HOW TO COMPLETE THIS TASK:
Please return exactly the lines from the beginning of the listing up to and including the line with "1.5-3.5 | Nhiều hướng |", with no pictures.

STUDY MATERIAL:
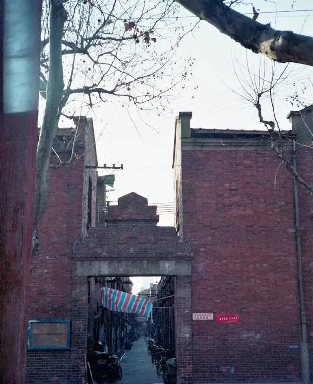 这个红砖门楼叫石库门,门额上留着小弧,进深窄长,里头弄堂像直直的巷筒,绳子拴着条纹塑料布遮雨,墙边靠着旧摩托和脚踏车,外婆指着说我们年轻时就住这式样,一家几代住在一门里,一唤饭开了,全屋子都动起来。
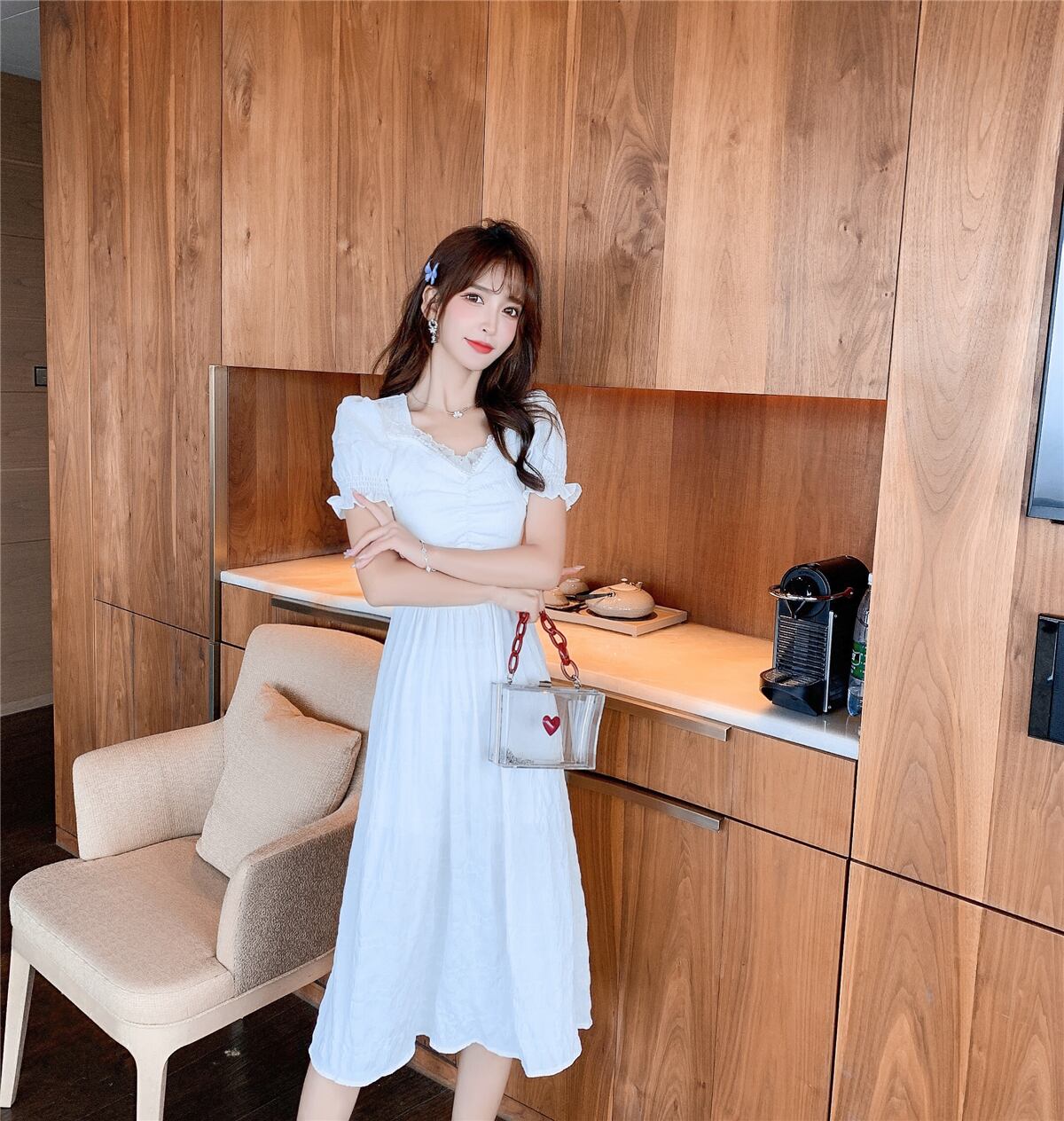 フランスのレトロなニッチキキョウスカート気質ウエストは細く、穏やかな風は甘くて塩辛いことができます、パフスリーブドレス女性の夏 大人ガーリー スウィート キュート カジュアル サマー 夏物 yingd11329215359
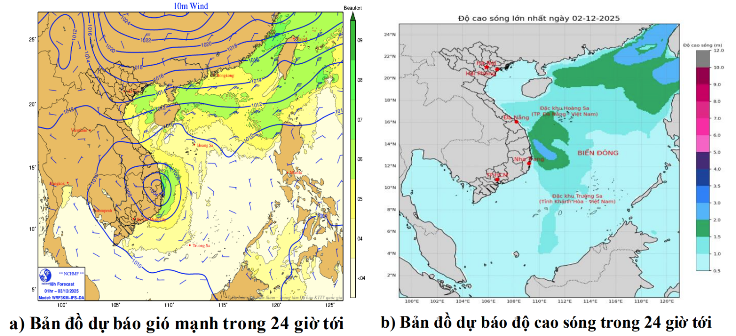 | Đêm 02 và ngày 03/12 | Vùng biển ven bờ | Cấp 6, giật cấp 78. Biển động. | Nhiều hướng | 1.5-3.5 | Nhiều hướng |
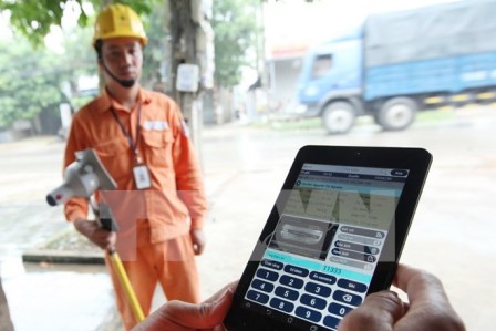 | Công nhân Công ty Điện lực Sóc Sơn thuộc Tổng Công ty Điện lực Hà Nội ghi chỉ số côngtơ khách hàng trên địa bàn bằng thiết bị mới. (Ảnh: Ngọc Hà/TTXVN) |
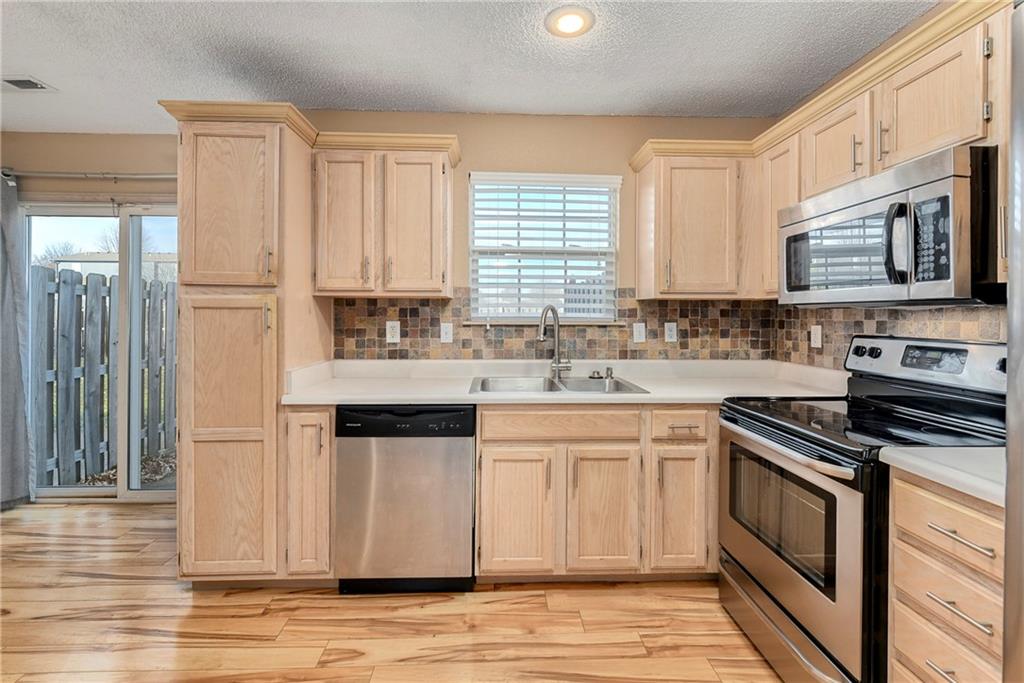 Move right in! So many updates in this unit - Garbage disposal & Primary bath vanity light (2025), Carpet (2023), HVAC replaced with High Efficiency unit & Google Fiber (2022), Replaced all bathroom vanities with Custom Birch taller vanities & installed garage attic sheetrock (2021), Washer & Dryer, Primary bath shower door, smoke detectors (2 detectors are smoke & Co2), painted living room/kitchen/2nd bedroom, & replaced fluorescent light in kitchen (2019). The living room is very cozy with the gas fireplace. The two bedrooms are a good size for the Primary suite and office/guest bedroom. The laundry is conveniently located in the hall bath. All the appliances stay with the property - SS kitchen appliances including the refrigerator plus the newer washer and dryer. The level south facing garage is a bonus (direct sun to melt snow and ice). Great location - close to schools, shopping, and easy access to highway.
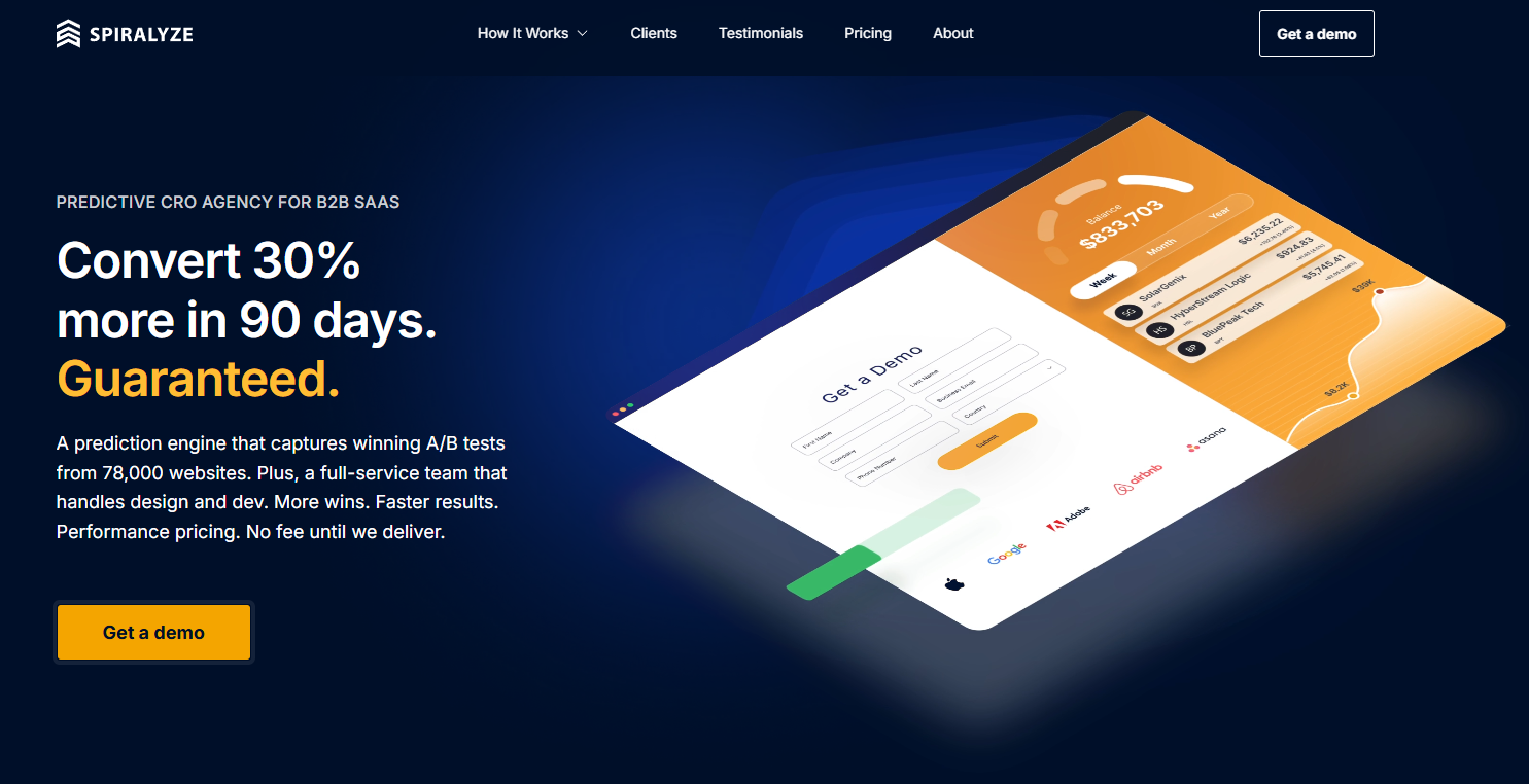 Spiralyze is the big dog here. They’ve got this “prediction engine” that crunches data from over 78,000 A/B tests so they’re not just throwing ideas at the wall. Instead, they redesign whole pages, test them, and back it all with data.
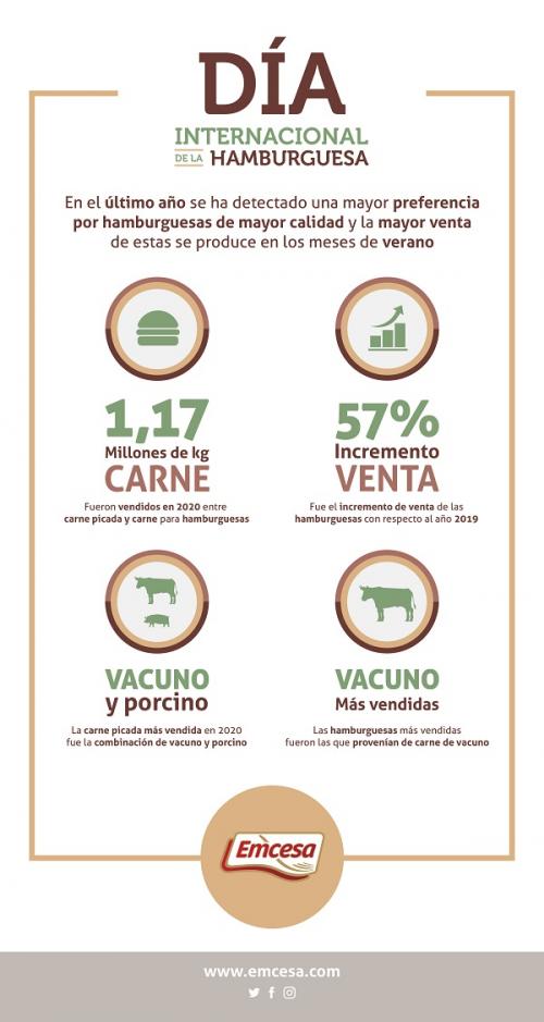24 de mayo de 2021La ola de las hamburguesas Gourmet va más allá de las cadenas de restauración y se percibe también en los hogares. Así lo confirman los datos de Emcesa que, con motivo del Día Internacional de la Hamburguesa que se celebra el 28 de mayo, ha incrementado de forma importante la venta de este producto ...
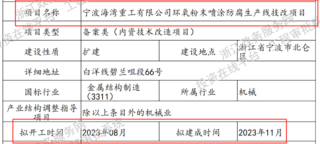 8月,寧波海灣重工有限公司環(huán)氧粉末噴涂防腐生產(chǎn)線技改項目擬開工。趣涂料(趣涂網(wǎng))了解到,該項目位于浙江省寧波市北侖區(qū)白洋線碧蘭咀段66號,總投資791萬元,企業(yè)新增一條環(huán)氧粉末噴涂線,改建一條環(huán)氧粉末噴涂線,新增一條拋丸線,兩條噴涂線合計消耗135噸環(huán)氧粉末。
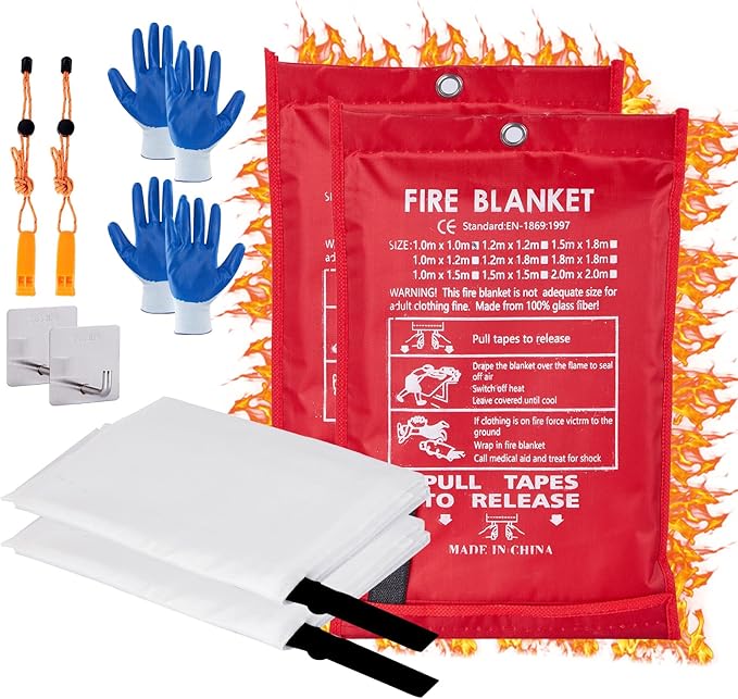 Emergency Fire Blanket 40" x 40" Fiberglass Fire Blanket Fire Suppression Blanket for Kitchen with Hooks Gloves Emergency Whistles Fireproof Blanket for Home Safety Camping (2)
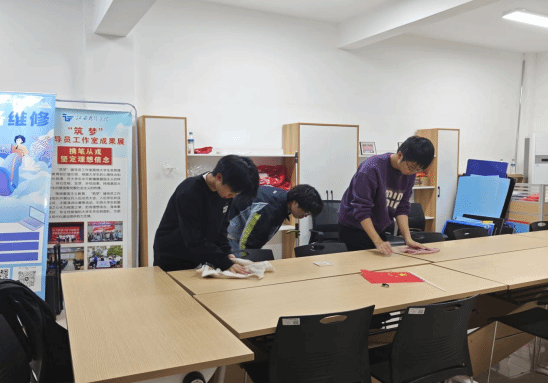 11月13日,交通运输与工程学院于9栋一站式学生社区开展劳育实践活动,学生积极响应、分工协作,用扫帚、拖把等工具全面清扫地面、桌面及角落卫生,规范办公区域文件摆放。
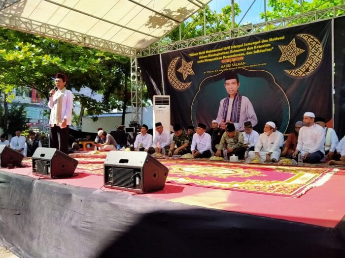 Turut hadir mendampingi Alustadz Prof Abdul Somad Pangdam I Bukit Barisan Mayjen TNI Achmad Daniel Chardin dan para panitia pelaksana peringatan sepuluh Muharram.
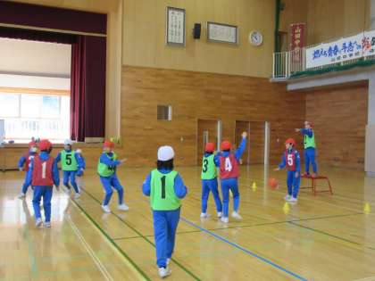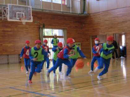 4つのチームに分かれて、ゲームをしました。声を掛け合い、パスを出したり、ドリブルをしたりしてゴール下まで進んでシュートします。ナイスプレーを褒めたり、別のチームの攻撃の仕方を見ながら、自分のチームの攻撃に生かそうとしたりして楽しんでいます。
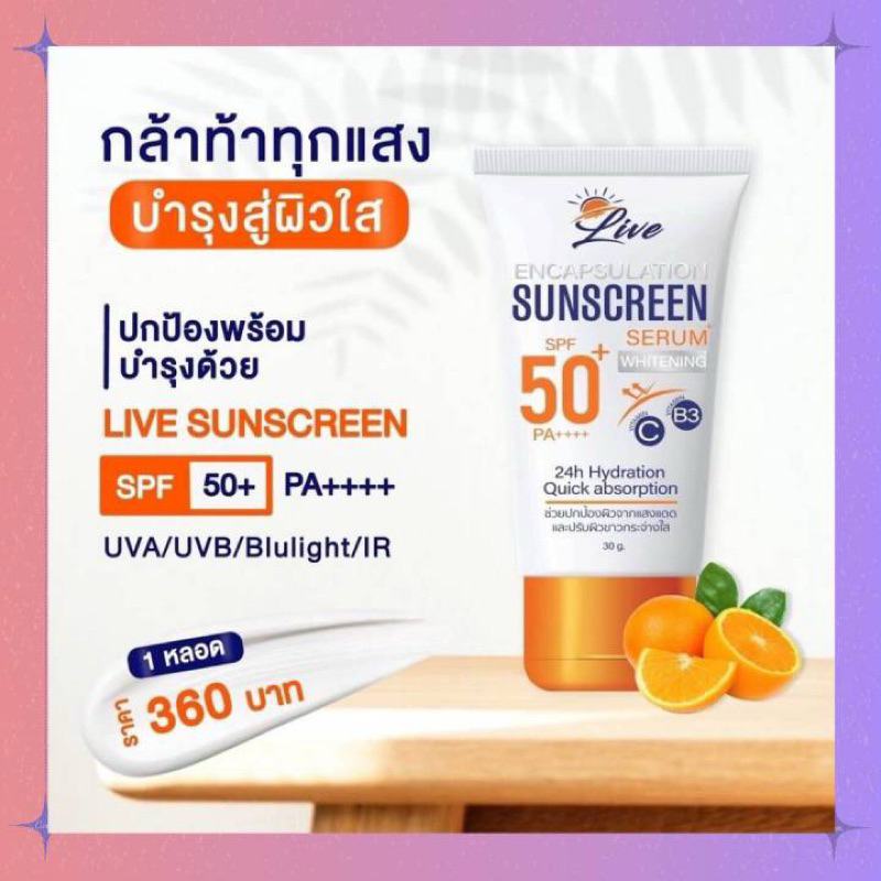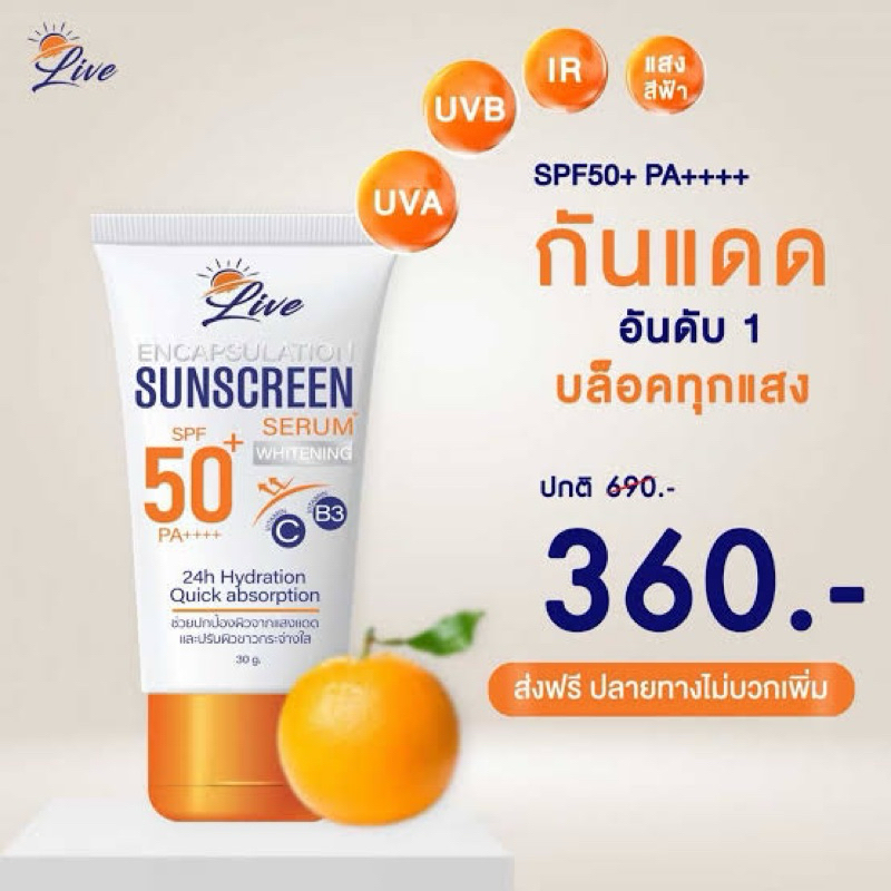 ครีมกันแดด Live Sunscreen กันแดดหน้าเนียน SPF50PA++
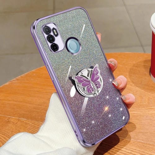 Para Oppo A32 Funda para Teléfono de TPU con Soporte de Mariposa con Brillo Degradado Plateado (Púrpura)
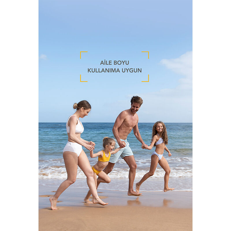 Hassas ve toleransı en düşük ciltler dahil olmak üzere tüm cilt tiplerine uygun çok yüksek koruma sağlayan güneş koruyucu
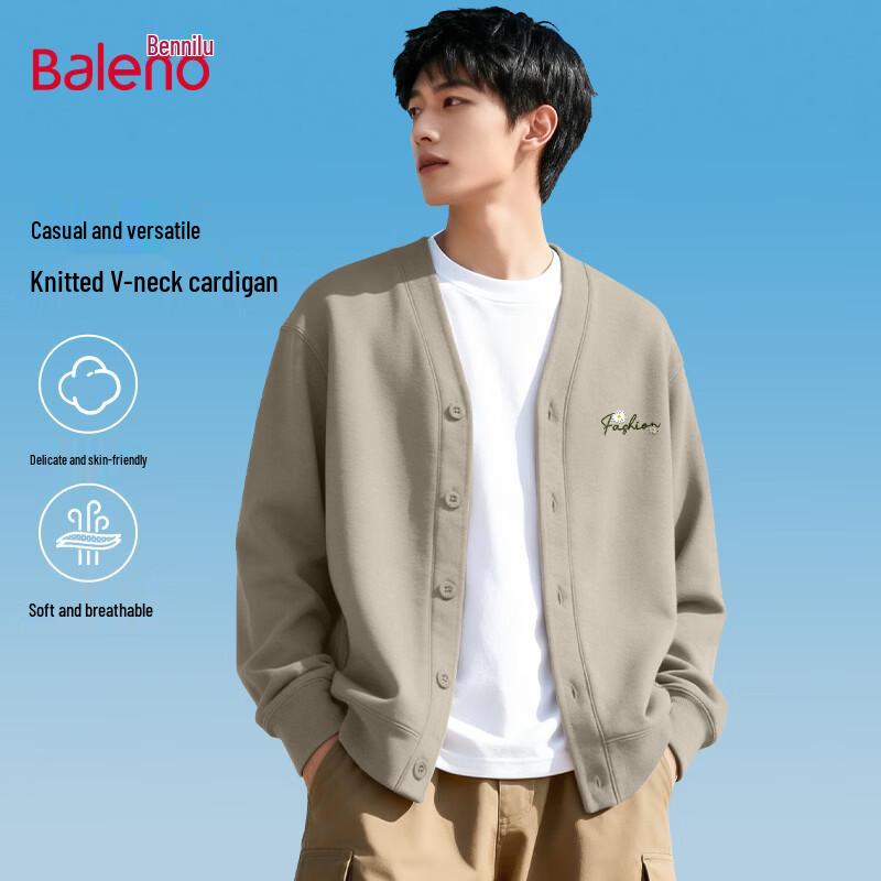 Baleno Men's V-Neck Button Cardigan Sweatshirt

RESPONSE AREA:
 这个红砖门楼叫石库门,门额上留着小弧,进深窄长,里头弄堂像直直的巷筒,绳子拴着条纹塑料布遮雨,墙边靠着旧摩托和脚踏车,外婆指着说我们年轻时就住这式样,一家几代住在一门里,一唤饭开了,全屋子都动起来。
 フランスのレトロなニッチキキョウスカート気質ウエストは細く、穏やかな風は甘くて塩辛いことができます、パフスリーブドレス女性の夏 大人ガーリー スウィート キュート カジュアル サマー 夏物 yingd11329215359
 | Đêm 02 và ngày 03/12 | Vùng biển ven bờ | Cấp 6, giật cấp 78. Biển động. | Nhiều hướng | 1.5-3.5 | Nhiều hướng |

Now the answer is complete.